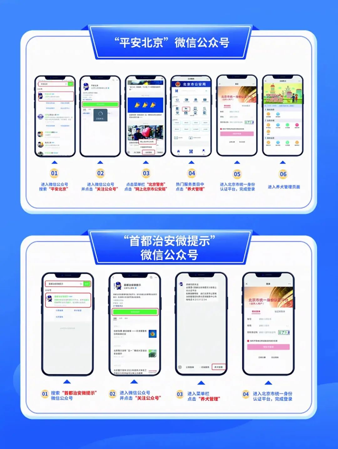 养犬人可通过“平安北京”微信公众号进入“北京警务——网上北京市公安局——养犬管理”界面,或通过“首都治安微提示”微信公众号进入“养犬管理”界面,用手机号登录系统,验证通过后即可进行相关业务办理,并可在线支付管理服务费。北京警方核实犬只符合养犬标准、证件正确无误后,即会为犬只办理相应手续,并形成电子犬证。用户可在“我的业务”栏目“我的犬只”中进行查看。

______

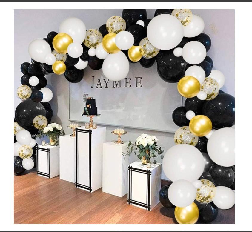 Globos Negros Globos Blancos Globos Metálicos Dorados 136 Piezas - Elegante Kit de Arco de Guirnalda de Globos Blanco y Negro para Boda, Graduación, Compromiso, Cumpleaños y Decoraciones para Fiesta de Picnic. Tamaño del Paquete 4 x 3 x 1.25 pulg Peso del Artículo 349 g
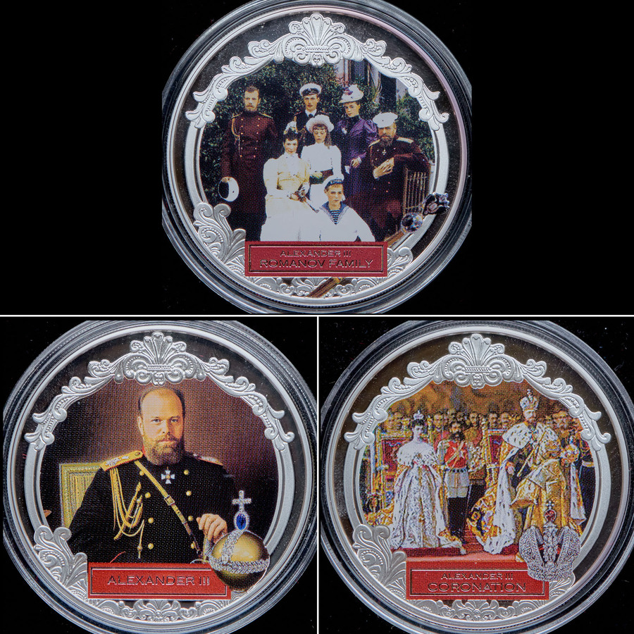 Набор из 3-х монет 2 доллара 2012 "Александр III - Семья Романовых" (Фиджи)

______

When you reach the line containing "Globos Negros Globos" in the entries above, begin restating word for word, and stop once the line containing "Набор из 3-х" has been given. Omit the pictures.

Response below:
 Globos Negros Globos Blancos Globos Metálicos Dorados 136 Piezas - Elegante Kit de Arco de Guirnalda de Globos Blanco y Negro para Boda, Graduación, Compromiso, Cumpleaños y Decoraciones para Fiesta de Picnic. Tamaño del Paquete 4 x 3 x 1.25 pulg Peso del Artículo 349 g
 Набор из 3-х монет 2 доллара 2012 "Александр III - Семья Романовых" (Фиджи)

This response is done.